= Task details =
Repeat all the records exactly, omitting pictures.

<<<<

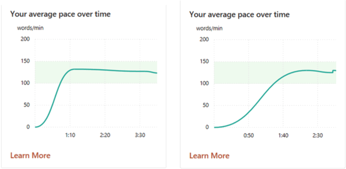 แถมด้วยค่าเฉลี่ยตลอดช่วงเวลาที่ฝึกซ้อม โดยจะเห็นว่าช่วงความเร็วที่เหมาะสมอยู่ที่ 100 ถึง 150 คำต่อนาที ผมลองใช้ AI วิเคราะห์การแถลงข่าวของผู้นำประเทศ 2 ท่าน ด้านซ้ายคือ แองเจล่า เมอร์เคล (เยอรมนี) และด้านขวา ลี เซียนลุง (สิงคโปร์) จะเห็นว่าพอเริ่มพูดนายกฯ เยอรมนีทำความเร็วได้คงที่ตลอดเลยทั้ง 3 นาที ส่วนฝั่งสิงคโปร์ ค่อย ๆ ไต่ระดับความเร็วมาเรื่อย ๆ จนทำความเร็วคงที่ในช่วงที่เหมาะสมได้
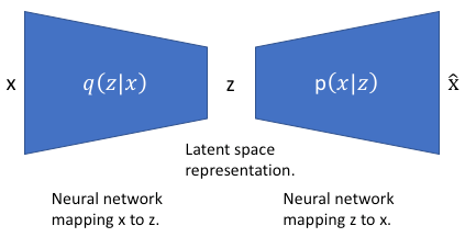 We define $x$, $z$ as input and latent representation, respectively, and a neural network for the VAE is modeled as follows:
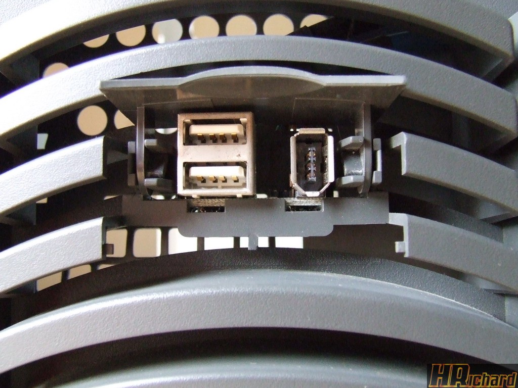 kis fedőlap felhajtása után két USB és egy Firewire kivezetés található.
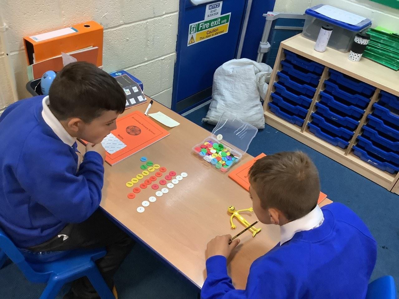 This week we started looking at higher value numbers. We used base 10 and place value counters to help us visualise the numbers and physically move them around.
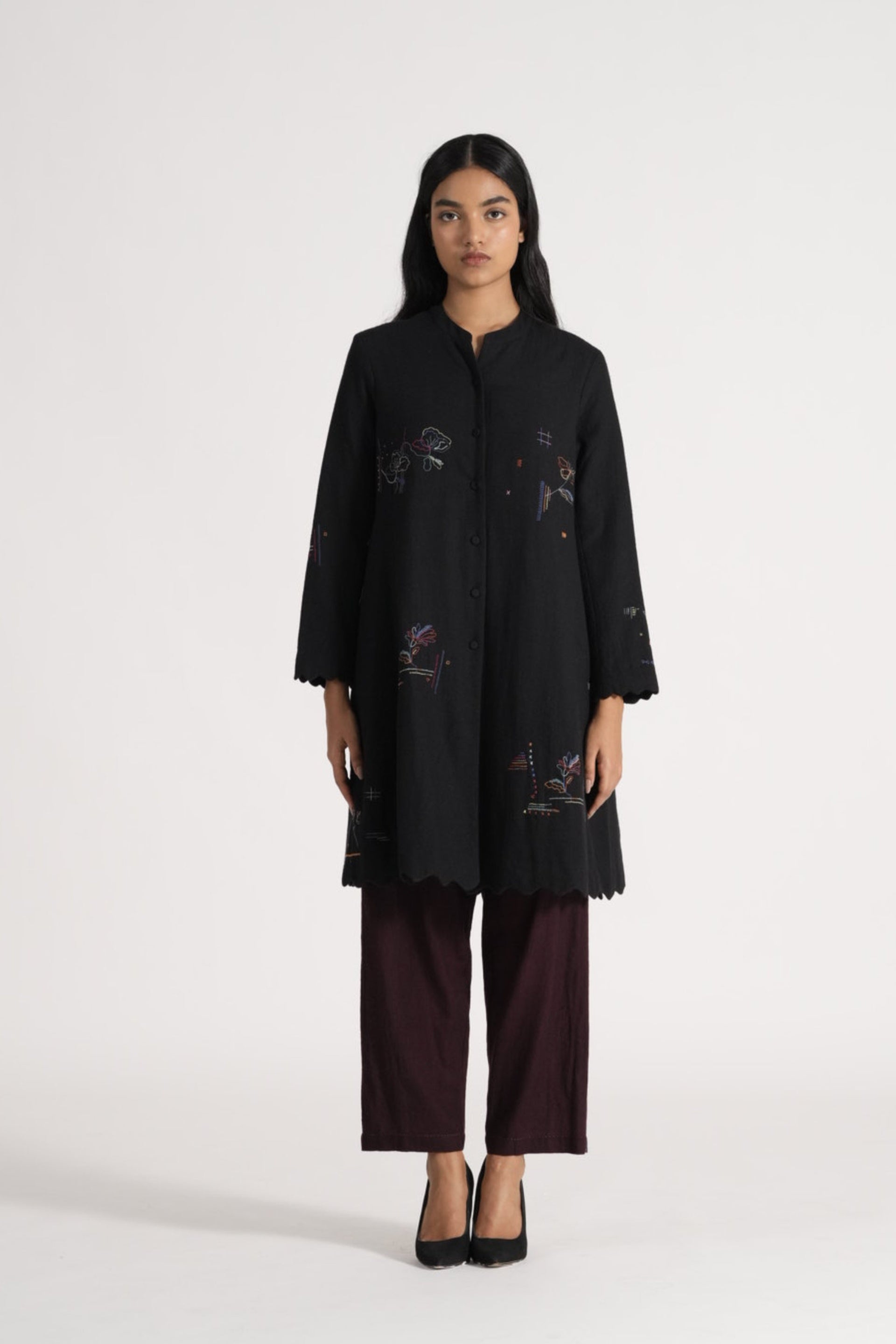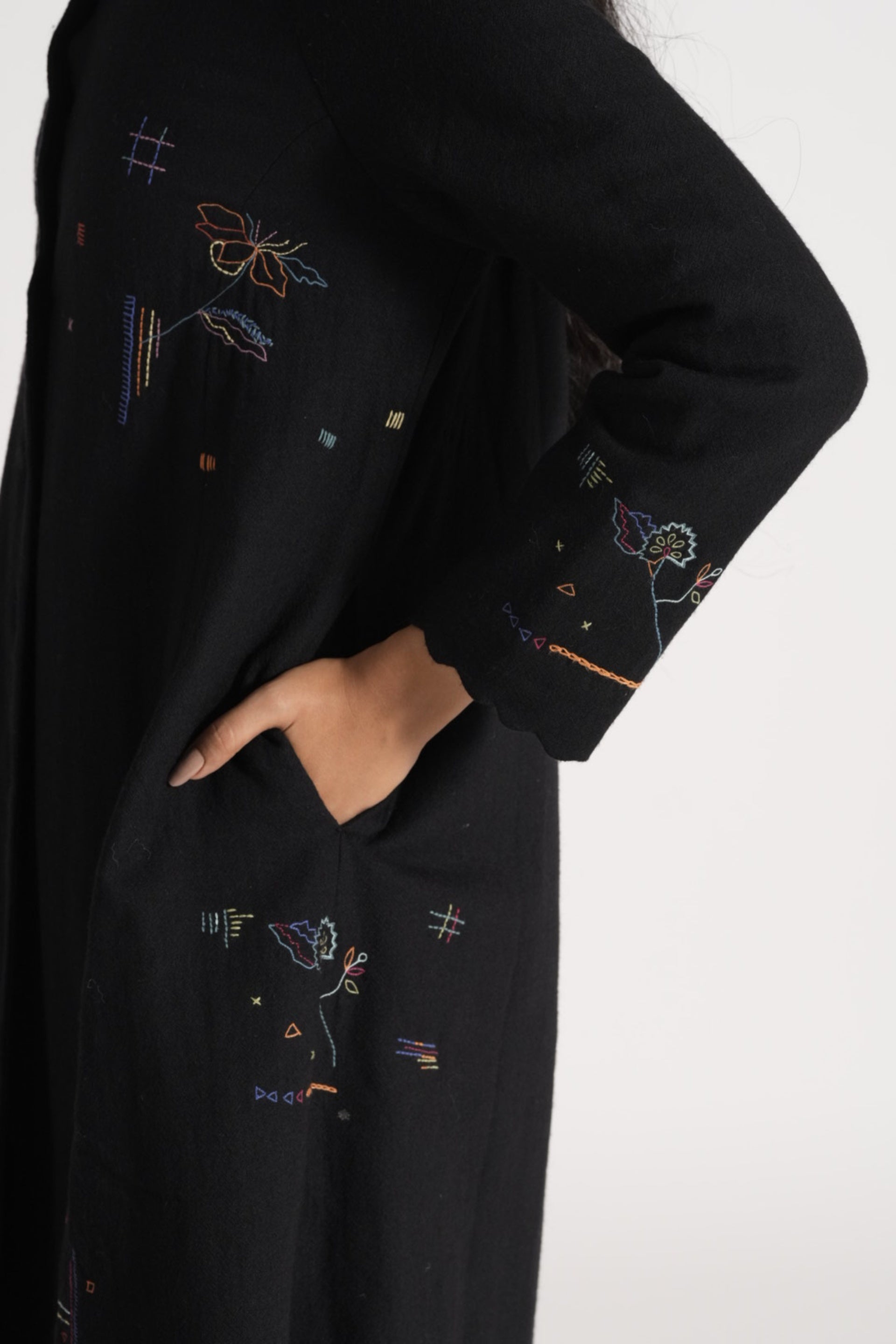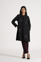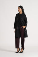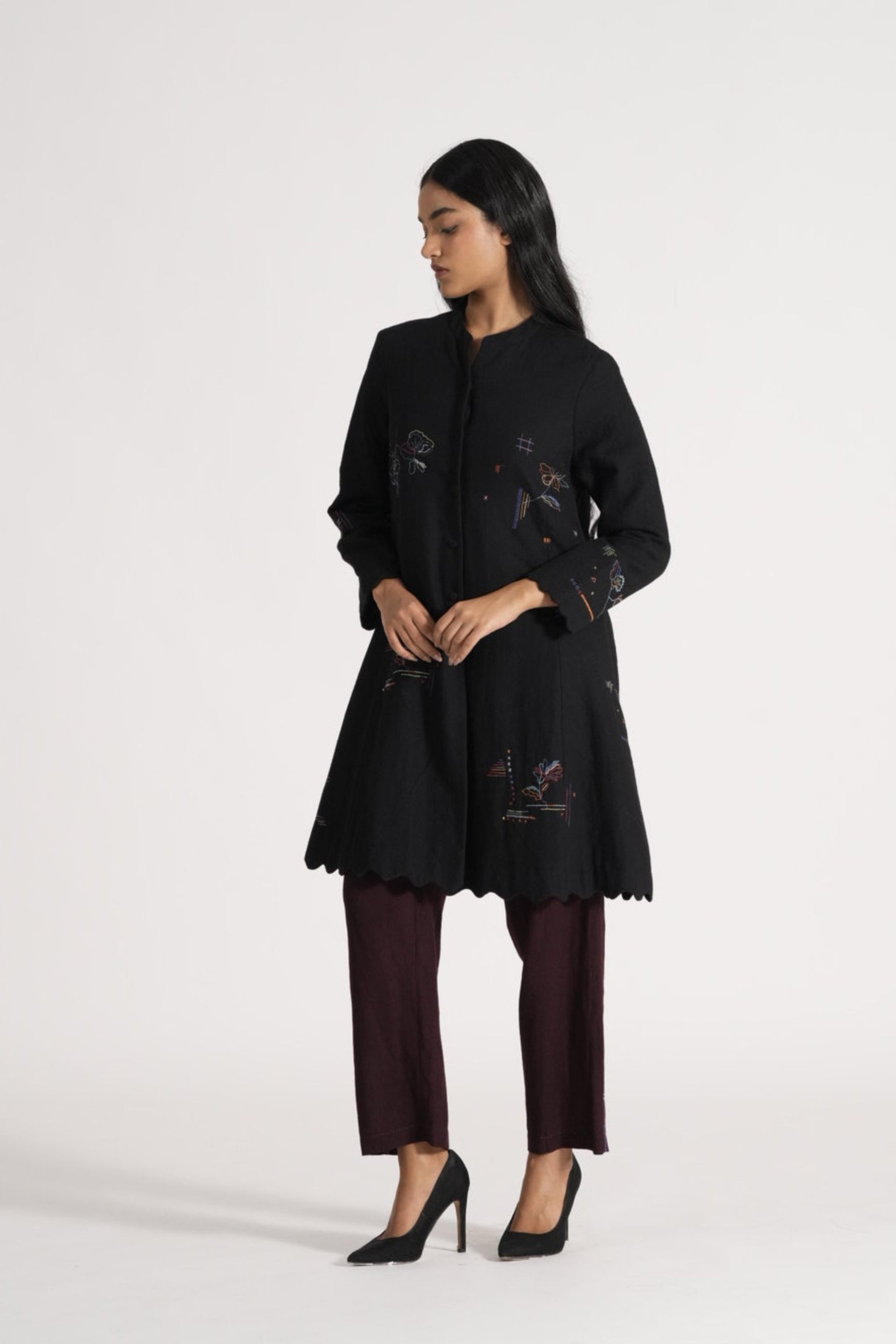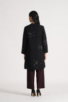 Relaxed fit short jacket in 100% wool. Comes with attched handblock print 100% silk lining.

>>>>

= Answer to the problem =
 แถมด้วยค่าเฉลี่ยตลอดช่วงเวลาที่ฝึกซ้อม โดยจะเห็นว่าช่วงความเร็วที่เหมาะสมอยู่ที่ 100 ถึง 150 คำต่อนาที ผมลองใช้ AI วิเคราะห์การแถลงข่าวของผู้นำประเทศ 2 ท่าน ด้านซ้ายคือ แองเจล่า เมอร์เคล (เยอรมนี) และด้านขวา ลี เซียนลุง (สิงคโปร์) จะเห็นว่าพอเริ่มพูดนายกฯ เยอรมนีทำความเร็วได้คงที่ตลอดเลยทั้ง 3 นาที ส่วนฝั่งสิงคโปร์ ค่อย ๆ ไต่ระดับความเร็วมาเรื่อย ๆ จนทำความเร็วคงที่ในช่วงที่เหมาะสมได้
 We define $x$, $z$ as input and latent representation, respectively, and a neural network for the VAE is modeled as follows:
 kis fedőlap felhajtása után két USB és egy Firewire kivezetés található.
 This week we started looking at higher value numbers. We used base 10 and place value counters to help us visualise the numbers and physically move them around.
 Relaxed fit short jacket in 100% wool. Comes with attched handblock print 100% silk lining.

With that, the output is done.